Four years later, Tarantino signs his ninth film, Once Upon a Time … in Hollywood. The director visits Los Angeles in 1969 and pays homage to the last moments of Hollywood’s golden age. TV star Rick Dalton, played by Leonardo DiCaprio, and longtime stuntman Cliff Booth (Brad Pitt), his longtime replacement, continue their careers in an industry they no longer recognize. In the background, the hippie revolution and the terrible murder of Sharon Tate.
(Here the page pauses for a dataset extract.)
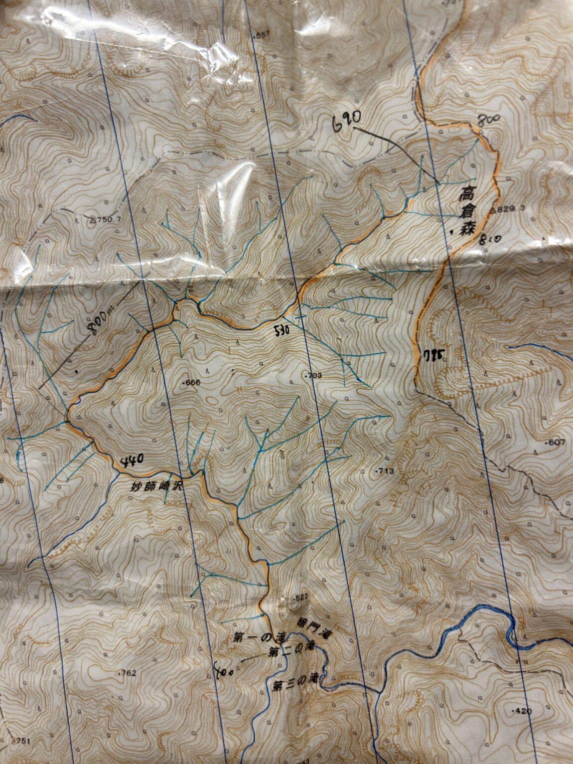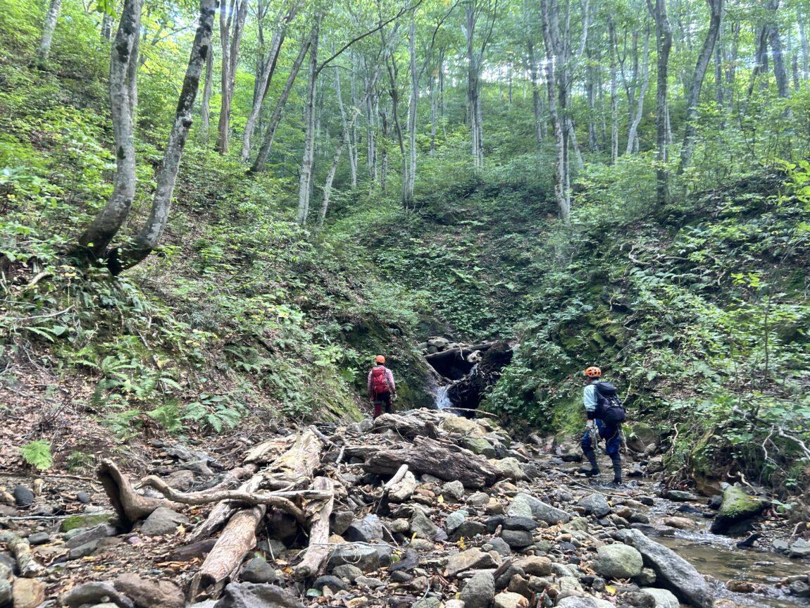 高倉森からミヨシザキ沢へ降りる。ということしか事前に聞かされていなかったため、どこまで本流を下降しどのように戻るのかわからなかった。一昨年歩いたハードトラバースマタギ道は豪雨の影響が気になるし、Oさんは「楽なルートがいいです」と言っていた。だとしたら高倉森南面を戻すのはありえないよな…などと一応予習して、歩きやすそうな支流を2、3本見当をつけた。

This highly anticipated feature film is applauded for seven minutes after its premiere at the Cannes Film Festival in May 2019, before its theatrical release the following July.
In spite of everything… happy birthday Quentin Tarantino!
Honestly I don’t understand 7 minutes of applause, I slept for a lot more during this movie, which I found boring and aimless.
Having said that, it is impossible not to recognize that, in less than 10 films, Quentin Tarantino was able to impose his highly original style on the small world of the seventh art. Waiting to know what the next movie will be, we can say, however, that with each of them Tarantino has spread his encyclopedic knowledge of cinema (and his net worth too!) and, thanks to his sense of dialogue and the graphic violence of his works, he has become an icon of pop culture, who turns 59 today!